By Jessie Yeung and Yoonjung Seo, CNN

Seoul, South Korea (CNN) — South Korea is getting older – and its care facilities are changing to match.

The number of child care facilities in the country has shrunk by almost a quarter in just a few years, reflecting authorities’ unsuccessful campaign to encourage couples to have more babies.

In 2017, there were more than 40,000 child care facilities, according to new government figures released Friday – by the end of last year, that number had fallen to roughly 30,900.

Meanwhile, as the population rapidly ages, the number of elderly facilities has boomed from 76,000 in 2017 to 89,643 in 2022, according to the country’s health and welfare ministry.

Elderly facilities include senior care homes, specialized hospitals, and welfare agencies that help the elderly navigate social services or protections. Meanwhile, the child care facilities listed include public services as well as private and corporate ones.

The shift illustrates a years-long problem South Korea has thus far failed to reverse. It has both one of the world’s fastest aging populations and the world’s lowest birth rate, which has been falling continuously since 2015 despite authorities offering financial incentives and housing subsidies for couples with more babies.

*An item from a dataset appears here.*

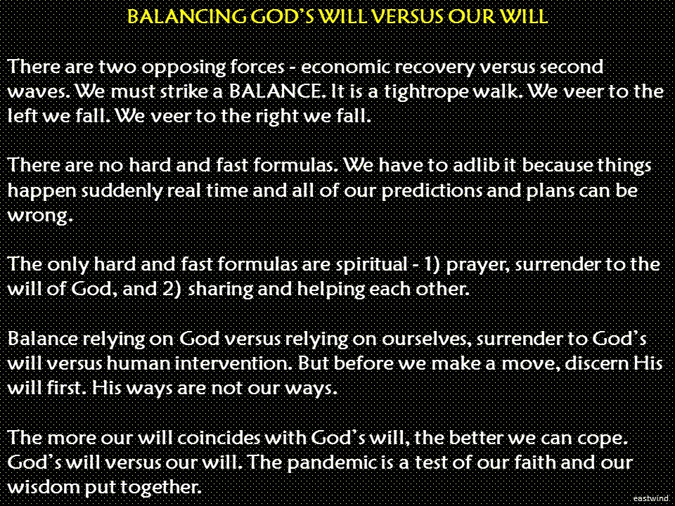 During this pandemic, for God’s will to act in our favor, our will has to align with his, which requires strong faith and surrender to his will. Those who rely more on themselves sometimes fail but those who rely more on the Lord never fail. Throughout the Old Testament days, in the battlefield, the Israelites would lose when they displeased the Lord, and would win against overwhelming odds if they were loyal to him. The same with us during this pandemic.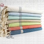 Nos serviettes, aussi appelées Fouta, en 100% coton, 100% tunisienne sont très douces et de très bonne qualité de tissage.

Experts attribute this low birth rate to various factors, including demanding work cultures, stagnating wages, rising costs of living, the financial burden of raising children, changing attitudes toward marriage and gender equality, and rising disillusionment among younger generations.

By the late 2000s, the government had begun warning that policy measures were needed to encourage families to grow. Last September, South Korean President Yoon Suk Yeol admitted that more than $200 billion has been spent trying to boost the population over the past 16 years.

But so far nothing has worked – and the effects have been increasingly visible in the social fabric and day-to-day life.

Many elementary, middle and high schools are closing around the country due to a lack of school-age children, according to Korean news agency Yonhap, citing the education ministry. Figures from the country’s official statistics body show the overall number of middle and high schools have remained stagnant for years, only rising by a few dozen since 2015.

In Daejeon, south of Seoul, one such abandoned school has become a popular spot for photographers and urban explorers; images show eerily empty hallways and a school yard overgrown by wild grass.

Similar crises have been seen in other East Asian countries with falling birth rates. One village in Japan went 25 years without recording a single birth. The arrival of a baby in 2016 was heralded as a miracle, with elderly well-wishers hobbling to the infant’s house to hold him.

Meanwhile, South Korea’s expanding elderly population has meant an explosion in demand for senior services, placing strain on a system scrambling to keep up.

South Korea has the highest elderly poverty rate among the OECD nations (Organisation for Economic Co-operation and Development), with more than 40% of people over 65 years old facing “relative poverty,” defined by the OECD as having income lower than 50% of median household disposable income.

“In Korea, the pension system is still maturing, and current generations still have very low pensions,” the OECD wrote in a 2021 report.

Experts point to other factors such as global economic trends, the breakdown of old social structures that saw children looking after their parents, and insufficient government support for those struggling financially.

That means a number of homeless elderly people – part of a generation that helped rebuild the country after the Korean War – having to seek assistance from shelters and soup kitchens.

The rapid rise in elderly facilities in recent years may help alleviate some of these problems. But longer-term concerns remain about the future of Korea’s economy, as the number of young workers – who are crucial in propping up the health care and pension systems – slowly dwindle.